For Mothers Everywhere
This is for all the mothers who
didn't win “Mother of the Year” in 2009. All the runners-up and all the wannabes. The mothers too tired to enter or too busy to care.
This is for all the mothers who froze their buns off on metal bleachers at soccer games on Friday night instead of watching from the car. So when their kids asked, “Did you see my goal?” they could say, “Of course, wouldn’t have missed it for the world,” and mean it.
This is for all the mothers who have sat up all night with sick toddlers in their arms, wiping up barf laced with Oscar Mayer wieners and cherry Kool-Aid saying, “It’s okay, honey, Mommy’s here.”
This is for the mothers who gave birth to the children they’ll never see. And for the mothers who took those babies and made them homes.
For all the mothers who run carpools and make cookies and sew Halloween costumes. And all the mothers who don’t.
What makes a good mother, anyway? Is it patience? Compassion? Broad hips? The ability to nurse a baby, cook dinner, and sew a button on a shirt all at the same time? Or is it heart? Is it the ache you feel when you watch your son or daughter disappear down the street, walking to school alone for the very first time? The jolt that takes you from sleep to dread, from bed to crib at 2am to put your hand on the back of a sleeping baby?
The need to flee from wherever you are and hug your child when you hear news of a school shooting, a fire, a car accident, a baby dying? I think so.
So this is for all the mothers who sat down with their children and explained all about making babies. And for all those mothers who wanted to but just couldn’t.
This is for reading “Goodnight, Moon” twice a night for a year. And then reading it again. “Just one more time.”
This is for all the mothers who taught their daughters to tie their shoelaces before they started school. And for all the mothers who opted for Velcro instead.
This is for all the mothers who show up at work with spit-up in their hair and milk stains on their blouses and diapers in their purse.
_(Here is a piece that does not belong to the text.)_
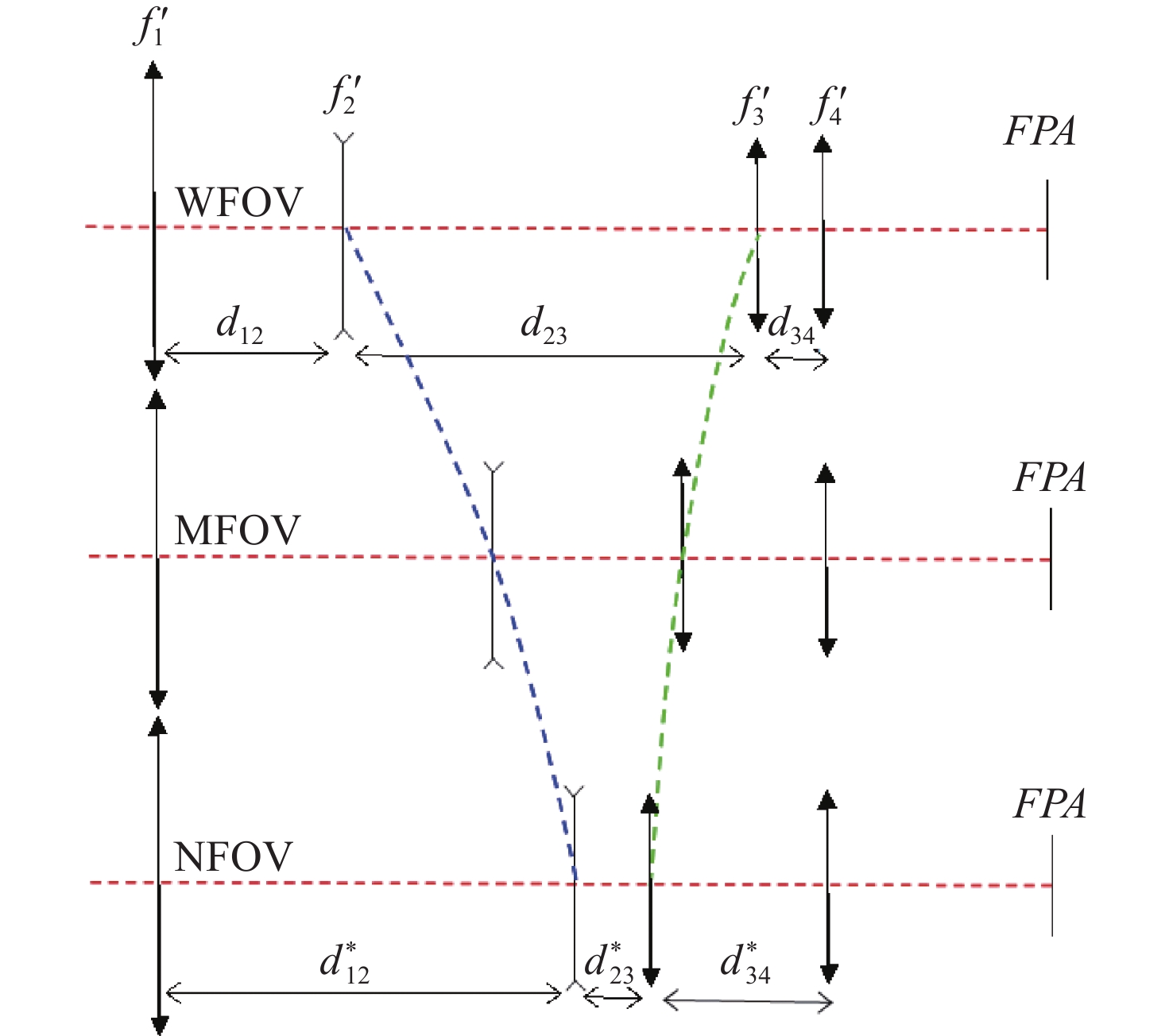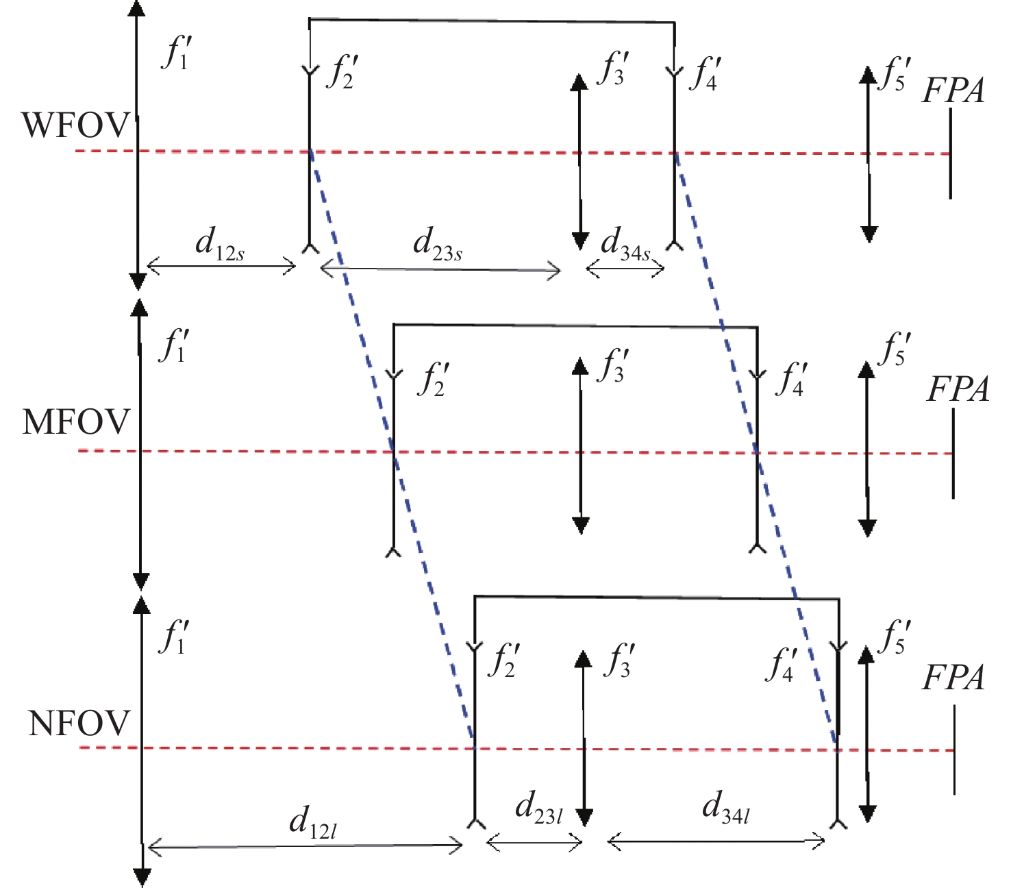 Compared with the medium-wave Infrared (MWIR) zoom optical system, the long-wave infrared (LWIR) zoom optical system has fewer available materials and is difficult to athermalize in high and low temperature environments. In this paper, the multi-field zoom optical system is realized by using mechanical compensation zoom technology, and the active compensation athermalization technology is used to make the system image clear in the temperature range of −40 °C—+65 °C, to realize the design of the four-field LWIR optical system with four lenses. The focal lengths of the four fields of view are 25 mm, 109 mm, 275 mm and 400 mm, the zoom ratio is 15, the envelope size of the optical system is 280 mm (L)×200 mm (W), and the total weight of the optical components is 618 g. The optical system has SWaP-C characteristics such as light weight, high performance, and low cost, and will be widely used in security fields such as auxiliary navigation, search, and tracking.

This is for all the mothers who teach their sons to cook and their daughters to sink a jump shot.
This is for all mothers whose heads turn automatically when a little voice calls “Mom?” in a crowd. Even though they know their own children are at home.
This is for all the mothers who sent their sons to school with stomach aches, assuring them they’d be just fine once they got there…only to get the call from the school nurse an hour later, asking them to please pick up their son, right away.
This is for young mothers stumbling through diaper changes and sleep deprivation. And mature mothers learning to let go. For working mothers and stay-at-home mothers. Single mothers and married mothers. Mothers with money, mothers without. This is for you all.
So hang in there.
Pass this on to all the moms in your life.
“Home is what catches you when you fall... and we all fall.”
Happy Mother’s Day. Even if you aren’t a mother now, you may be some day. Or you are a godmother, or a teacher who gives more than the title requires, or a very special lady someone needs when their Mom is not near.